Materials provided Block Start
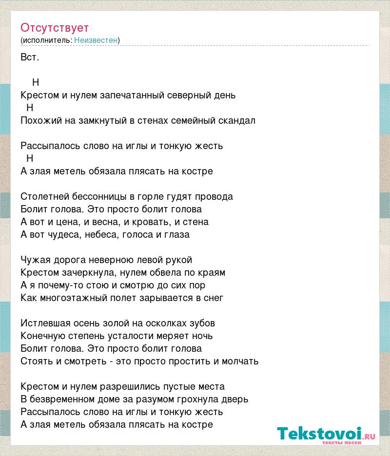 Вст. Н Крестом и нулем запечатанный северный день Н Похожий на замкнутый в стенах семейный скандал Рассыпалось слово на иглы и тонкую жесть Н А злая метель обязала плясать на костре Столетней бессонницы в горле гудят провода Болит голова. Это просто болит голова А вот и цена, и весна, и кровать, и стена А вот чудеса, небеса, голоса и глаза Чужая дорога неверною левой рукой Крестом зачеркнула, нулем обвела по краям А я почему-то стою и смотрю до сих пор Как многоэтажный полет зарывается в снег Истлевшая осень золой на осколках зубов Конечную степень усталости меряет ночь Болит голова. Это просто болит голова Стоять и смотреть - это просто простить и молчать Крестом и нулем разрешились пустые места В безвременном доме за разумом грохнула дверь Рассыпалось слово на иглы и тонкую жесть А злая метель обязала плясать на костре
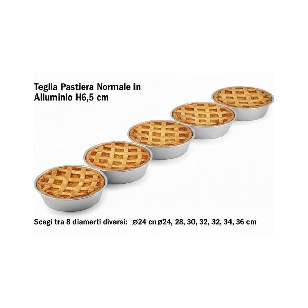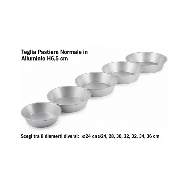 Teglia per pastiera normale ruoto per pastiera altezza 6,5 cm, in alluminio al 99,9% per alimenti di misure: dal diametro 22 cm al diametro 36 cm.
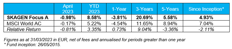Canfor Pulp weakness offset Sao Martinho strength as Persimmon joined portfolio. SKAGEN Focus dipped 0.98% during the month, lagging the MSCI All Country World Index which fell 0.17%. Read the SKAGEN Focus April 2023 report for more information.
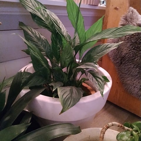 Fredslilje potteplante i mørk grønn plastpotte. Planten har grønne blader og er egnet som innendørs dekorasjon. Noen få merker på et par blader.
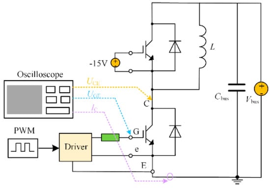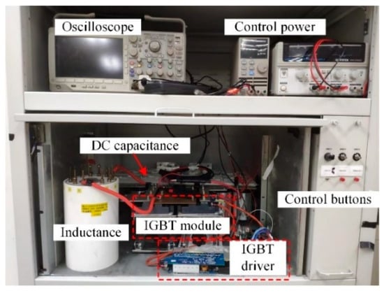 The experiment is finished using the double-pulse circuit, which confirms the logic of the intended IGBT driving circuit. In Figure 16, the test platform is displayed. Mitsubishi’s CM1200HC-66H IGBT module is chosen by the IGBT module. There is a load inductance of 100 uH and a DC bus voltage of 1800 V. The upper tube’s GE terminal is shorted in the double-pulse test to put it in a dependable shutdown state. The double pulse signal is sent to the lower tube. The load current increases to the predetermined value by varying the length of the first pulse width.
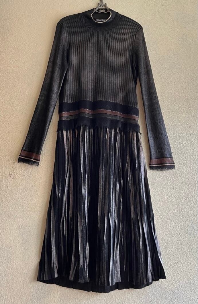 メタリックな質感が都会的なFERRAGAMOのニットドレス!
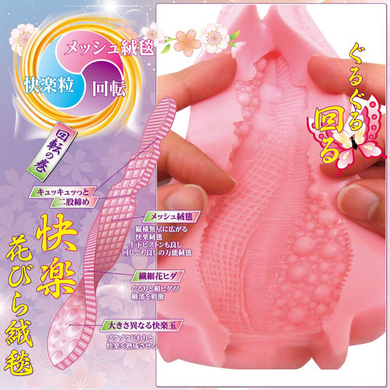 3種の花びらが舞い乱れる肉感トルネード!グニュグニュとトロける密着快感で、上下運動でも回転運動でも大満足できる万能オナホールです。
Materials provided Block End
_Exercise brief_. Output every line above exactly as it stands, and drop any picture.

_Written reply_.
 Вст. Н Крестом и нулем запечатанный северный день Н Похожий на замкнутый в стенах семейный скандал Рассыпалось слово на иглы и тонкую жесть Н А злая метель обязала плясать на костре Столетней бессонницы в горле гудят провода Болит голова. Это просто болит голова А вот и цена, и весна, и кровать, и стена А вот чудеса, небеса, голоса и глаза Чужая дорога неверною левой рукой Крестом зачеркнула, нулем обвела по краям А я почему-то стою и смотрю до сих пор Как многоэтажный полет зарывается в снег Истлевшая осень золой на осколках зубов Конечную степень усталости меряет ночь Болит голова. Это просто болит голова Стоять и смотреть - это просто простить и молчать Крестом и нулем разрешились пустые места В безвременном доме за разумом грохнула дверь Рассыпалось слово на иглы и тонкую жесть А злая метель обязала плясать на костре
 Teglia per pastiera normale ruoto per pastiera altezza 6,5 cm, in alluminio al 99,9% per alimenti di misure: dal diametro 22 cm al diametro 36 cm.
Canfor Pulp weakness offset Sao Martinho strength as Persimmon joined portfolio. SKAGEN Focus dipped 0.98% during the month, lagging the MSCI All Country World Index which fell 0.17%. Read the SKAGEN Focus April 2023 report for more information.
 Fredslilje potteplante i mørk grønn plastpotte. Planten har grønne blader og er egnet som innendørs dekorasjon. Noen få merker på et par blader.
 The experiment is finished using the double-pulse circuit, which confirms the logic of the intended IGBT driving circuit. In Figure 16, the test platform is displayed. Mitsubishi’s CM1200HC-66H IGBT module is chosen by the IGBT module. There is a load inductance of 100 uH and a DC bus voltage of 1800 V. The upper tube’s GE terminal is shorted in the double-pulse test to put it in a dependable shutdown state. The double pulse signal is sent to the lower tube. The load current increases to the predetermined value by varying the length of the first pulse width.
 メタリックな質感が都会的なFERRAGAMOのニットドレス!
 3種の花びらが舞い乱れる肉感トルネード!グニュグニュとトロける密着快感で、上下運動でも回転運動でも大満足できる万能オナホールです。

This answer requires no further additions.